* Requirement *
Copy the data that appears below exactly. Drop the pictures.

* Material provided *

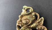 경북 경주시 황룡사(黃龍寺) 터에서 투조(透彫·금속판 일부를 도려내는 것) 기법으로 만든 통일신라시대의 금동 귀면(鬼面·사진)이 출토됐다. 불교문화재연구소는 올 7월 황룡사 터 시굴조사 과정에서 국내 최초로 금동 귀면을 찾아냈다고 4일 밝혔다. 이번에 발견한 금동 귀면은 15cm 높이로, 성인 손바닥만 한 크기다. 입에는 고리가 달렸고, 입체감이 돋보인다. 귀면은 사악한 무리를 경계하는 화신으로 사찰 법당 안팎에서 흔히 몸체가 없이 얼굴만 보이는 장식품이다. 불교문화재연구소는 “국내에 유사한 사례가 없어 지금은 정확한 용도를 확인할 수 없다”며 “장식품이거나 고리에 무언가를 걸었을 가능성도 있다”고 밝혔다. 이번 조사에서는 석불과 소조불, 용두 조각, 하대석 조각, 명문기와도 나왔다. 황룡사는 경주 도심에 있었던 구황동 황룡사(皇龍寺)와 다른 절로, 동대봉산(옛 은점산)에 있었다.유원모 기자 onemore@donga.com}
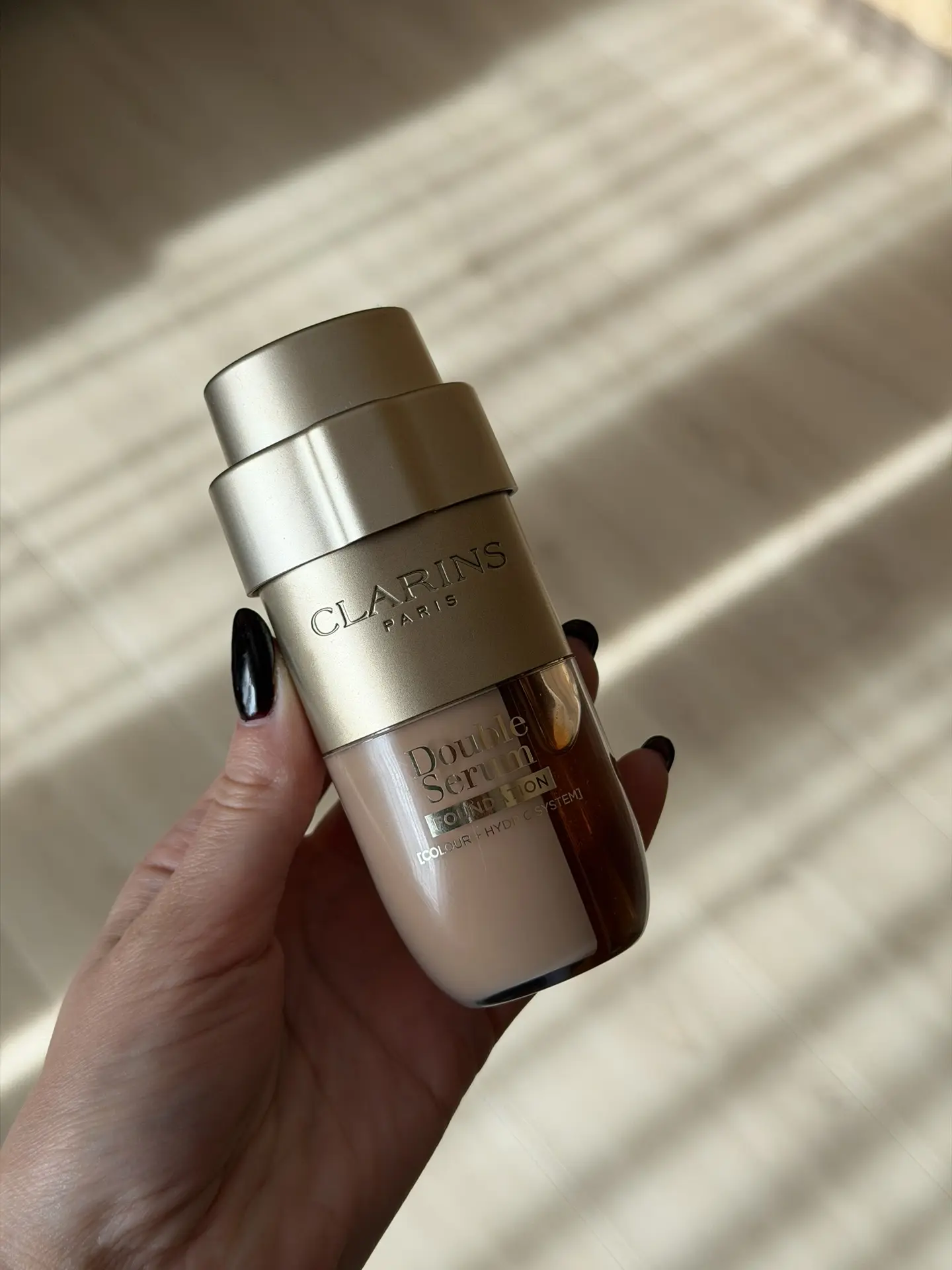 Теперь про тон: как только вышел этот тон, я в первый же день поехала искать его по всей Москве. Потому что моего оттенка, или близко подходящего к моему типу кожи не было. Еще в магазине я умудрилась протестить его, и нанесла тон на все лицо, смыв мицеляркой весь макияж 🤭 Вывод: это лучший тон за все мои года! Он прям как вторая кожа. Тон легко можно наслоить, чтобы перекрыть какие-то «неприятные моментики». Ну и в конце концов, эта баночка совмещает в себе тон + мою любимую сыворотку от Clarins Double Serum 🤍
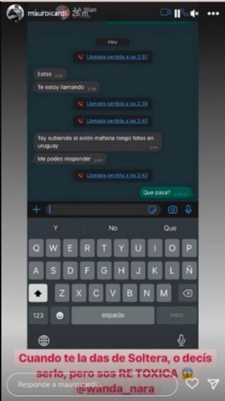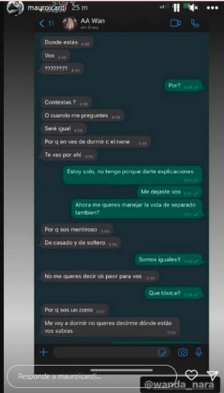 Entre los mensajes que se pueden ver figuran algunos amenazantes: "¿No me querés decir? Ok, peor para vos", le escribe ella. "¡Qué tóxica!", comentó Mauro, a lo que Wanda responde: "Porque sos un zorro. Me voy a dormir, no querés decirme donde estás, vos sabrás".
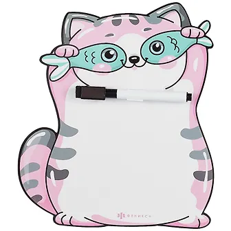 Отличная маркерная доска) У меня уже две таких) Во-первых, доска очень красивая. На глазах у котика 2 рыбки, а сам он милый и яркий. Во-вторых, в комплекте идёт чёрный фломастер, так что писать можно сразу после покупки. В-третьих, на фломастере есть и подушечка, которой можно стирать написанное. Это очень удобно. Советую эту маркерную доску к покупке всем, кто любит писать послания, рисовать, обожает котиков и ценит домашний уют)

* Answer box *
 경북 경주시 황룡사(黃龍寺) 터에서 투조(透彫·금속판 일부를 도려내는 것) 기법으로 만든 통일신라시대의 금동 귀면(鬼面·사진)이 출토됐다. 불교문화재연구소는 올 7월 황룡사 터 시굴조사 과정에서 국내 최초로 금동 귀면을 찾아냈다고 4일 밝혔다. 이번에 발견한 금동 귀면은 15cm 높이로, 성인 손바닥만 한 크기다. 입에는 고리가 달렸고, 입체감이 돋보인다. 귀면은 사악한 무리를 경계하는 화신으로 사찰 법당 안팎에서 흔히 몸체가 없이 얼굴만 보이는 장식품이다. 불교문화재연구소는 “국내에 유사한 사례가 없어 지금은 정확한 용도를 확인할 수 없다”며 “장식품이거나 고리에 무언가를 걸었을 가능성도 있다”고 밝혔다. 이번 조사에서는 석불과 소조불, 용두 조각, 하대석 조각, 명문기와도 나왔다. 황룡사는 경주 도심에 있었던 구황동 황룡사(皇龍寺)와 다른 절로, 동대봉산(옛 은점산)에 있었다.유원모 기자 onemore@donga.com}
 Теперь про тон: как только вышел этот тон, я в первый же день поехала искать его по всей Москве. Потому что моего оттенка, или близко подходящего к моему типу кожи не было. Еще в магазине я умудрилась протестить его, и нанесла тон на все лицо, смыв мицеляркой весь макияж 🤭 Вывод: это лучший тон за все мои года! Он прям как вторая кожа. Тон легко можно наслоить, чтобы перекрыть какие-то «неприятные моментики». Ну и в конце концов, эта баночка совмещает в себе тон + мою любимую сыворотку от Clarins Double Serum 🤍
 Entre los mensajes que se pueden ver figuran algunos amenazantes: "¿No me querés decir? Ok, peor para vos", le escribe ella. "¡Qué tóxica!", comentó Mauro, a lo que Wanda responde: "Porque sos un zorro. Me voy a dormir, no querés decirme donde estás, vos sabrás".
 Отличная маркерная доска) У меня уже две таких) Во-первых, доска очень красивая. На глазах у котика 2 рыбки, а сам он милый и яркий. Во-вторых, в комплекте идёт чёрный фломастер, так что писать можно сразу после покупки. В-третьих, на фломастере есть и подушечка, которой можно стирать написанное. Это очень удобно. Советую эту маркерную доску к покупке всем, кто любит писать послания, рисовать, обожает котиков и ценит домашний уют)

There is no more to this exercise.